Coding by Hand
Python home

NumPy

A spreadsheet is a grid of numbers a human can scroll through. NumPy is that grid, with two changes. The first is that the grid lives in one flat block of memory instead of a scattered Python list of objects, so the CPU can walk it the way it walks a row of houses on a straight street. The second is that every operation on the grid — adding 1 to every cell, multiplying one column by another, summing a million values — runs inside C code compiled decades ago to go as fast as the machine allows. A NumPy array is a spreadsheet that runs at the speed of a C program.

Scientific Python in the 1990s was a standoff between two competing array libraries. Numeric came out of Lawrence Livermore in 1995. Numarray came out of the Space Telescope Science Institute in 2001. Both stored arrays. Neither talked to the other. Every scientific package had to pick a side, and half the ecosystem ran on the wrong library. A mathematician at Brigham Young University named Travis Oliphant spent 2005 writing a third library that merged the two, kept the good parts of each, and shipped it as NumPy in 2006. By 2010 every serious Python science project was built on it. In 2020 a paper in Nature listed NumPy as the foundation for the gravitational-wave detection at LIGO and the first image of a black hole from the Event Horizon Telescope. The grid won.

A 2x2 int64 array: one flat memory block, shape (2,2), strides (16,8).
A 2x2 int64 array: one flat memory block, shape (2,2), strides (16,8).

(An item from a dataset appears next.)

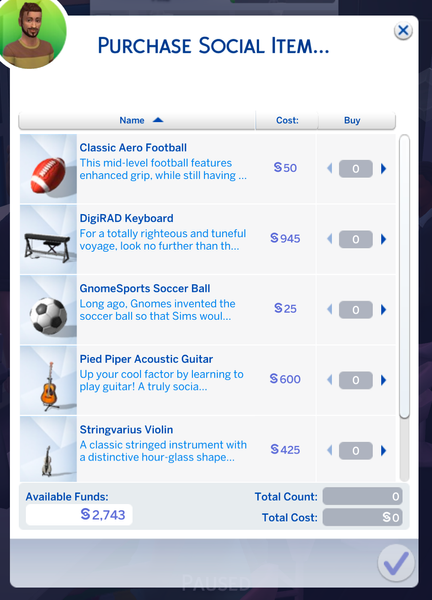 I assumed the soccer ball and football were tied to a pack. I believe the keyboard is as well, it comes with city living. But the guitar and violin are Base game.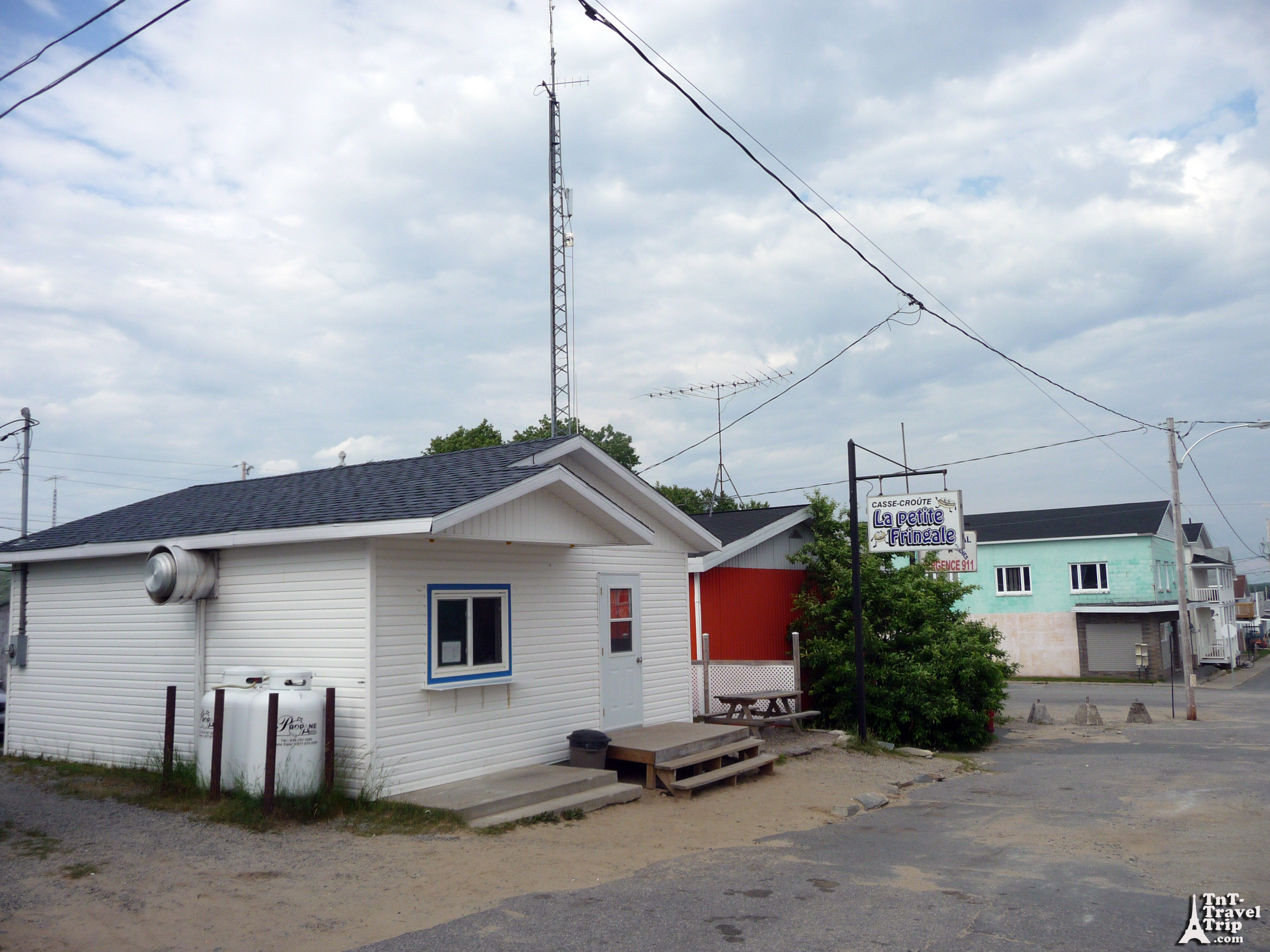 En raison de travaux sur le seul pont de la « ville », nous sommes déviés sur Normétal. N’ayant pas mangé depuis les donuts de ce matin, nous avons une petite faim. On tombe par hasard sur une petite baraque « la petite fringuale ». On rentre donc sans grande conviction et tombons sur une petite affaire familiale avec une salle de 5m² à tout péter. La dame, ne nous reconnaissant pas, nous demande si nous sommes du coin. Oui, pas tout à fait en fait. On lui indique donc que nous sommes français nous autres là. Elle était alors super contente de nous voir. Et nous propose de manger de la poutine (une spécialité locale à base de frite et de fromage). On a jamais vu un tel accueil, toute la famille s’y est mise, la fille en cuisine est venu nous voir puis le mari est venu discuter avec nous. Je pense qu’il n’en on pas vu beaucoup des français dans leur patelin. C’était l’événement de l’année. On leur explique notre périple et le type nous explique donc la route pour partir. Il nous explique également que la route que nous avons prise est une route privée de la société qui exploite la forêt et qu’elle n’est donc pas sur la carte. Après notre repas (la poutine c’est pas mauvais mais ça tient chaud, c’est un peu comme bouffer de la tartiflette au soleil en été) la dame nous prie de bien vouloir remplir le livre d’or puis s’excuse de vouloir nous serrer la main. On était comme des stars. Ça fait pas 20 minutes que nous sommes au Québec que nous avons rencontrés les gens les plus chaleureux du monde, et on a mangé de la poutine :p C’était vraiment incroyable, c’est là tout l’intérêt d’un road trip, on va de surprise en surprise.

Install the library into the venv you have been using and start a fresh file.

cd ~/learning-python
source .venv/bin/activate
pip install numpy
touch numpy_intro.py
cd $HOME\learning-python
.venv\Scripts\Activate.ps1
pip install numpy
ni numpy_intro.py

A NumPy array starts as a regular Python list handed to np.array. Open numpy_intro.py and watch what the library does with four numbers:

import numpy as np
 
row = np.array([10, 20, 30, 40])
print("array:  ", row)
print("shape:  ", row.shape)
print("dtype:  ", row.dtype)
print("nbytes: ", row.nbytes)
print("strides:", row.strides)

Output:

array:   [10 20 30 40]
shape:   (4,)
dtype:   int64
nbytes:  32
strides: (8,)

The dtype says every cell is an int64, which is 8 bytes wide. Four cells times 8 bytes per cell is 32 bytes, and that is exactly what nbytes reports. A Python list holding the same four integers would take 8 pointers plus 4 heap-allocated int objects plus the list header, roughly 140 bytes, and every walk of the list has to follow every pointer to find the actual value. The NumPy array holds the values themselves, back to back, with zero indirection. strides tells you how many bytes to skip to get from one cell to the next: 8. That is the shape of a fast loop.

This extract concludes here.